In an interview with FedScoop, the Google Public Sector CEO heralded the significance of the R&D agreement announced Sept. 13 between the tech giant and the Department of Commerce, and said it was the type of open-source project that would improve cybersecurity by encouraging more collaboration with security researchers on hardware design.
“The early numbers we have show that it’s probably going to be hundreds of times cheaper for researchers and manufacturers to yield designs than if they had to start from scratch or do this on their own.”
The executive added: “So this public private partnership is really yielding more efficient, economically viable pathways and establish that leadership position for the U.S. in chip design manufacturing.”
Grannis spoke with this publication shortly after the announcement of the R&D agreement, which followed the passage of the CHIPS and Science Act.
As part of the recent agreement, NIST will create up to 40 different circuit designs for the chips, and the initial production costs as well as the first production run will be paid for by Google. The chips will be manufactured by Bloomington, Minnesota-based SkyWater Technology.
The R&D agreement is intended to support innovation by university and startup researchers, for whom the cost of developing semiconductor chips can often be prohibitive. NIST’s circuit designs will be open source, meaning that academic and small business researchers can use the chips – which are essential to the creation of any modern electronic device – without restriction or licensing fees.
NIST research physicist Brian Hoskins, who also spoke with FedScoop, said that to his knowledge, the SkyWater-Google partnership at present is the only domestic provider of an open-source process design kit for manufacturing semiconductor wafers.
“What we are interested in is providing a US domestically sourced manufacturing test vehicle, which we can distribute to the public without restriction or license. And so at present, this is the only way to do that. I think the important thing to realize is that members of the academic community have been asking for better access to the semiconductor supply chain for a while and we are listening to their needs and trying to respond to them,” Hoskins said.
Google and the Department of Commerce say the chip partnership is likely to make it significantly cheaper and easier for university researchers and smaller commercial manufacturers to create innovative chip designs for everyday products and specific federal government needs.
The new chip designs will provide bottom-layer chips with specialized structures for measuring and testing the performance of components placed on top of it. This includes new kinds of memory devices, nano-sensors, bioelectronics, and advanced devices needed for artificial intelligence and quantum computing.
“It would be very difficult to develop new memory technology if you can’t actually access, say an intermediate step where you maybe have the ability to prototype at the millions level, before moving on to a final product,” said Hoskins.
“So that process, that challenge, is often called the tech transfer valley of death.
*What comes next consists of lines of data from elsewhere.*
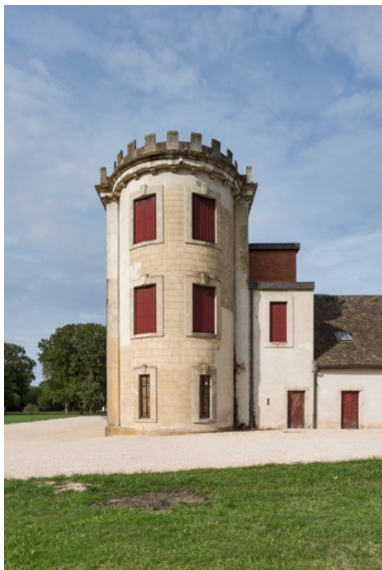
Élévation postérieure (est) : corps sud (remise et sellerie au rez-de-chaussée, salle des fêtes au 1er étage et logement au 2e). 21, Chevigny-en-Valière, 23 rue Mercey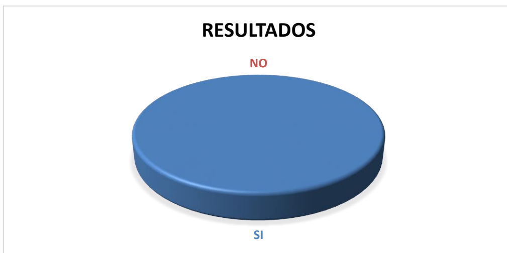
GRÁFICO N° 1

FUENTE: Abogados en libre ejercicio AUTORA: Aynee Solange Rojas Vélez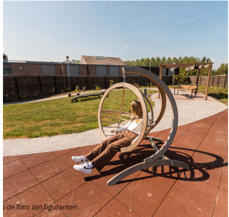
de foto zijn figuranten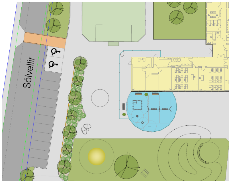
Mynd 1; Útfærsla á lóð og skóla

Kostnaðar áætlun fyrir lóð og bílastæði var áætlaður 18-20 mkr.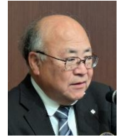
河上会員 村田会員 皆出席表彰おめでとうございます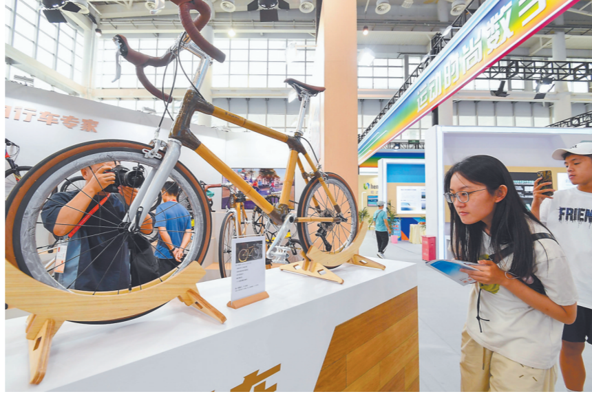
运动时尚展区展出的“竹”自行车,惊艳参观者。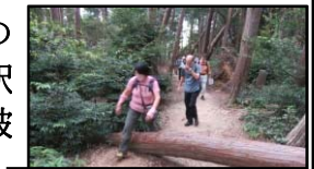
倒木を跨いで登坂

久しぶりの健脚コースです。心わくわく蹴上駅を出発、台風21号(昨年)の爪痕である倒木を跨いだりぐったりして、山頂に到着しました。京都大展望を楽しみながら昼食。食後は魔の急坂を下り、大文字の火床にたどり着き休憩し、長くて段差の大きい階段を下り京阪出町柳駅に無事ゴール、難コースを踏破できた感激をかみしめました。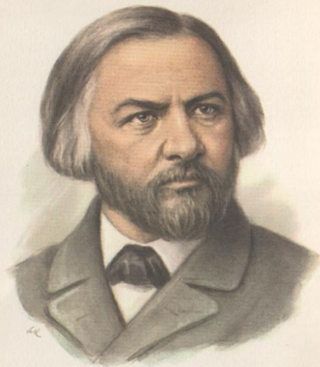
МИХАИЛ ИВАНОВИЧ ГЛИНКА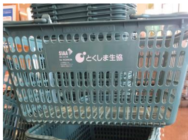
【抗菌型買い物かご】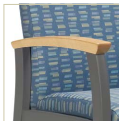
Manchons en bois offerts dans un choix de finis.

The gap between academic research and the commercialization of technology. And so one of the things that we’re doing here is we’re bridging that tech transfer valley of death,” he added.
The latest partnership originated from a series of workshops hosted by the National Science Foundation on how to improve academics’ access to the semiconductor foundry ecosystem. At these events, NIST officials met with program managers at Google and realized that both organizations were working towards common goals in the area of chip manufacturing.
Grannis is the founder and leader of Google’s CTO Office and a seven-year veteran of the company. His prior private sector experience includes six years as a product manager at Boeing.
He added: “By participating in the research phase of chip design, we’re also now in this complete innovation loop where it’s not just about selling software to a government agency, but it’s also about participating in the design of frameworks and chip design.”
“That may actually advance an entirely new mission or use case for the government in ways that it’s difficult to predict. It could end up in quantum science and photonics, there are a number of application areas for this that are relevant to many government agencies and organizations, both in the research and development phase as well as the procurement side,” said Grannis.